Workflow
宁波银行:2024年业绩快报点评:营收加速增长,信贷高速扩表

Investment Rating - The investment rating for the company is "Buy" and is maintained [6]. Core Views - The company reported an 8.2% year-on-year revenue growth for 2024, with a 6.2% increase in net profit attributable to shareholders. The fourth quarter saw accelerated revenue growth, with a 10.7% year-on-year increase. The strong growth in interest income is expected to continue, supported by robust growth in interest-earning assets and resilient net interest margins [3][10]. - The total loans at year-end increased by 17.8% compared to the beginning of the year, with corporate loans expected to remain a core growth driver.

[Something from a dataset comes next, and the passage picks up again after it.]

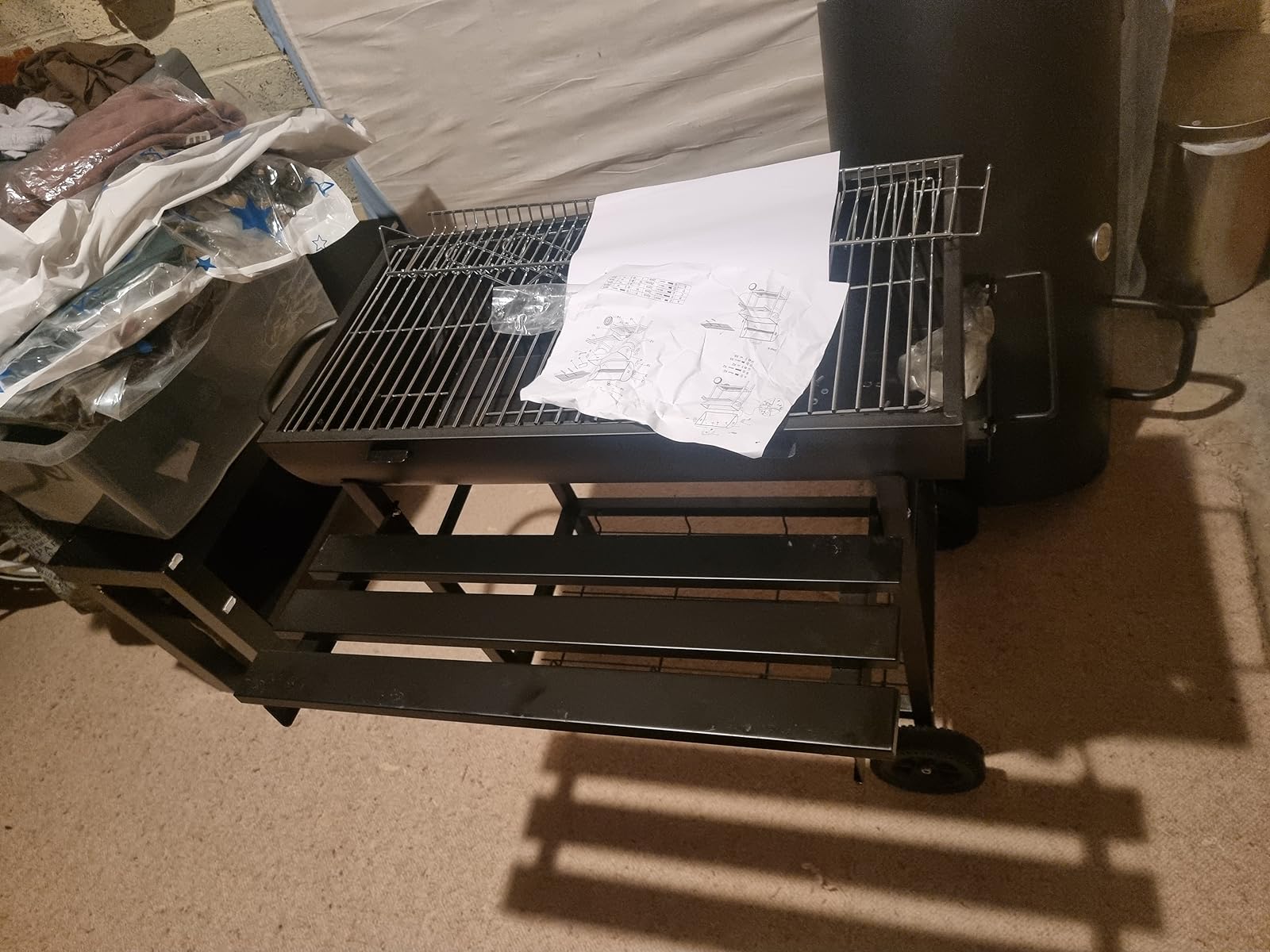 It took me about 30min to put it together, it’s big and it has a lot of options. Instructions is good enough to follow and quite easy to assemble. It’s big, enough to run decent size party all night long. I really like the charcoal shelf and the top grill option, as well as main grill with the little hatch to move the charcoal about. There is also a shelf to put up if needed. On top of the cover they added temperature guide so thats also quite good. Basically it’s really well made and delivered without any damaged whatsoever, good bbq.

Total deposits also grew by 17.2% year-on-year [10]. - The non-performing loan ratio remained stable at 0.76%, while the provision coverage ratio decreased by 16 percentage points to 389%, reflecting retail risk pressures [10]. Summary by Sections Revenue and Profitability - The company's revenue for 2024 is projected to grow by 8.2%, with a notable acceleration in the fourth quarter, where revenue growth reached 10.7%. The net profit attributable to shareholders is expected to grow by 6.2% [3][10]. - Interest income is anticipated to maintain a high growth rate, driven by strong growth in interest-earning assets and resilient net interest margins [10]. Asset Quality and Risk - The non-performing loan ratio remained stable at 0.76% at year-end, with a provision coverage ratio of 389%, indicating a decrease due to retail risk pressures [10]. - The company has maintained a solid risk control framework, with the overall risk expected to remain manageable [10]. Growth and Expansion - Total assets increased by 15.2% year-on-year, with total loans growing by 17.8% compared to the beginning of the year. Corporate loans are expected to be the main growth driver moving forward [10]. - The company is projected to have a good start in 2025 with loan disbursements expected to increase year-on-year [10]. Valuation - The company is currently valued at a price-to-book (PB) ratio of 0.72x for 2025, with expectations of stable growth in revenue and net profit [10].